Figura 2 – Estimativa de tempo de exposição de diversos alimentos em funçãp da temperatura: (1) Frango , (2) Peixe, (3) Carne, (4) Banana, (5) Laranja, (6) Maçã, (7) Ovos e (8) Maçã. Fonte: [1]

Observa-se que a medida que reduz-se a temperatura, o tempo de armazenamento aumenta consideravelmente. Mas, vale ressaltar também que muitos alimentos não exigem condições de congelamento para preservar suas características, o que leva a pensar em condições ótimas de armazenamento levando em consideração os aspectos econômicos e energéticos das aplicações.

Outro ponto importante de se mencionar é que atingir o ponto de congelamento da água, não necessariamente equivale a dizer que o produto estará congelando, afinal os produtos não são feitos somente de água. Dessa forma, é possível realizar o armazenamento de diversos produtos em temperaturas abaixo do ponto de congelamento da água, sem que ocorra a formação de gelo.

Na Tabela 1, tem-se temperaturas recomendadas de armazenamento, sem congelamento, de diversos alimentos.

Tabela 1 – Temperaturas recomendadas de armazenamento, sem congelamento, de diversos alimentos. Fonte: [1]

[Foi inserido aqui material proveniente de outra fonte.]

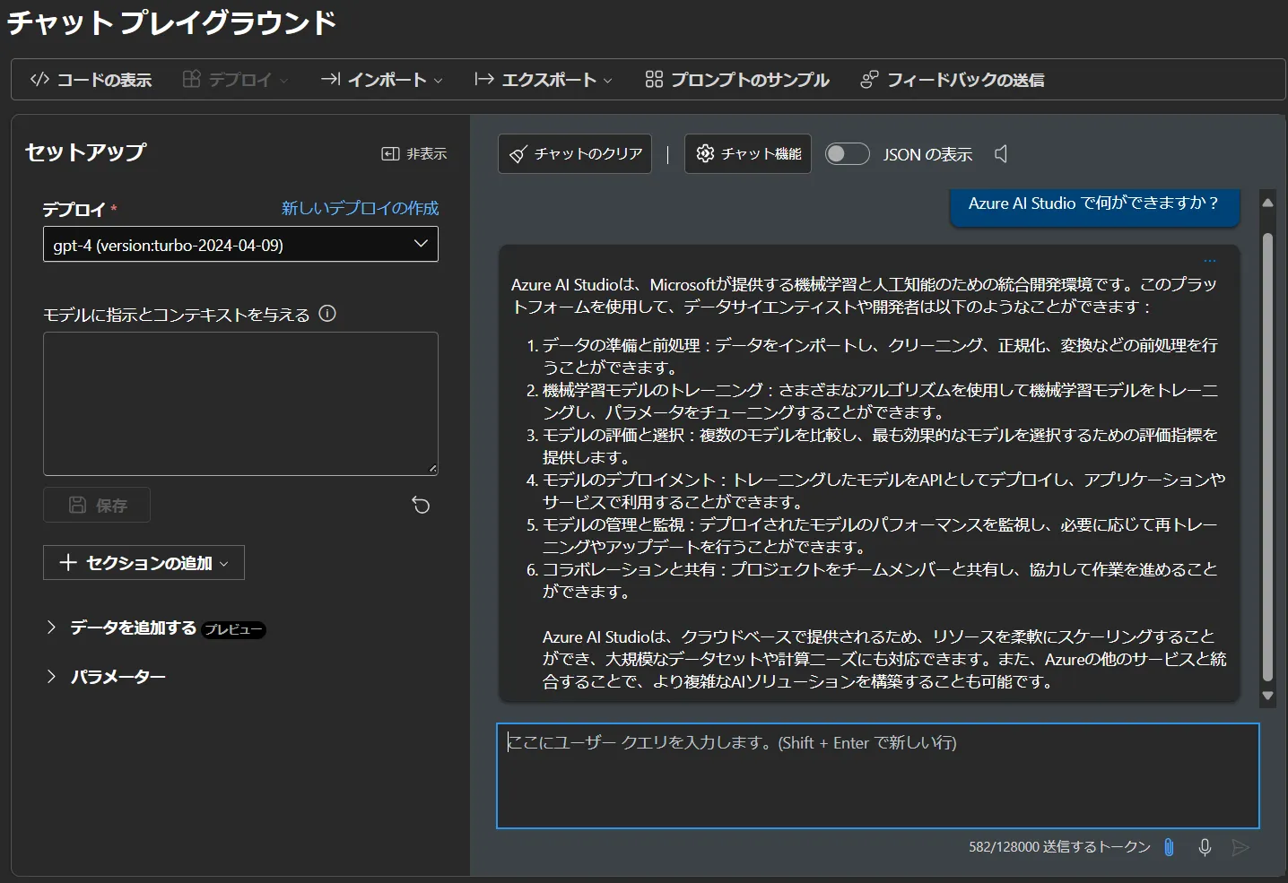 - 下図のようなチャットプレイグランドが表示されたら完了です.

Vale mencionar que, com frequência na colheita, as frutas e legumes se encontram levemente aquecidas, e para evitar a deteriorização delas de maneira precoce, resfriá-las rapidamente em câmaras de resfriamento rápido se torna uma tarefa prudente.

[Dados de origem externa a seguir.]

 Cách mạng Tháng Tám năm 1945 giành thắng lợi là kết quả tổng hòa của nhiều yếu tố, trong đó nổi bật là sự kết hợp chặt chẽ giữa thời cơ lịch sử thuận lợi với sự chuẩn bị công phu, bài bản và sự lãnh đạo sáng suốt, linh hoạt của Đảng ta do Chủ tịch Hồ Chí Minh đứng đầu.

3.1 – Principais técnicas de congelamento rápido

Técnicas de resfriamento rápido também são utilizadas em aplicações em que o objetivo é o congelamento. Na verdade, as tecnologias de resfriamento rápido foram essenciais para o avanço da indústria de congelados, já que possibilitaram a redução do tempo de congelamento de dias para horas. Além disso, essas tecnologias impedem a formação de microcristais de gelo dentro da estrutura do material.

Existe uma grande variedade de técnicas de resfriamento rápido, mas venho destacar as mais usuais:

  • Resfriamento por túneis de congelamento utilizando ar em alta velocidade (air blast) ;
  • Resfriamento/congelamento por contato, onde os alimentos, embalados ou não, são dispostos entre placas refrigeradas;
  • Congelamento por imersão do alimento em salmora em bvaixa temperatura;
  • Congelamento criogênico, em que fluido criogênico no estado líquido (N₂ ou CO₂) é espargido no interior de uma câmara de congelamento.

Por se tratar de uma aplicação de grande complexidade e que muitas vezes exige um grau maior de segurança, é importante que as pessoas envolvidas com o sistema estejam atentas a anormalidades. Com o intuito de deixar na memória , na seção a seguir apresento alguns dos problemas mais comuns relatados em sistemas de refrigeração.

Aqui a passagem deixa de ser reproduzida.